Corpach (A' Chorpaich) is a large village north of Fort William, in the Scottish Highlands. The canal lock at Corpach Basin on Loch Linnhe, east of the narrows leading to Loch Eil, is the western sea entrance of the Caledonian Canal. It is a natural harbour, unlike Fort William.

==History==
The name Corpach is reputedly based on the Gaelic for "field of corpses", so called because it was perhaps used as a resting place when taking coffins of chieftains on the way to burial on Iona.

The Battle of Corpach in about 1470 saw Clan Cameron rout Clan MacLean.
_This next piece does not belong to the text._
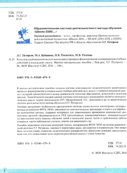 В научно-методическом пособии описана система комплексного педагогического мониторинга процесса формирования универсальных учебных действий всех видов у учащихся начальной школы с позиций преемственности между дошкольной ступенью образования, начальной и основной школой. Теоретической основой данной системы комплексного мониторинга является методологическая версия теории деятельности (Г.П. Щедровицкий, О.С. Анисимов и др.) и дидактическая система деятельностного метода обучения (Л.Г. Петерсон). Пособие раскрывает особенности предлагаемой системы комплексного мониторинга метапредметных результатов ФГОС НОО, описывает ее диагностические процедуры и ключи для обработки полученных данных, содержит материалы для практического проведения комплексной диагностики уровней сформированности УУД (регулятивных, коммуникативных, познавательных) на протяжении всего периода обучения детей в начальной школе: тесты и практические работы учащихся, карты наблюдений учителя, анкеты для родителей и пр.

In World War I, the United States Navy had a base at Corpach as part of the laying of the North Sea Mine Barrage. Naval mines were shipped into Corpach from the United States, and were then sent to the Inverness base along the Caledonian Canal, which joins Loch Linnhe at Corpach.

During World War II, Corpach was the engineering base for HMS St Christopher which was a training base for Royal Navy Coastal Forces. Some of the buildings are still in use. There was a large camp at Annat, which became Annat Village after the War consisting of some 200 houses similar to Prefab houses but of stronger cement construction and flat-roofed; some of the cement remains can still be seen about the area. It is now used as a caravan site.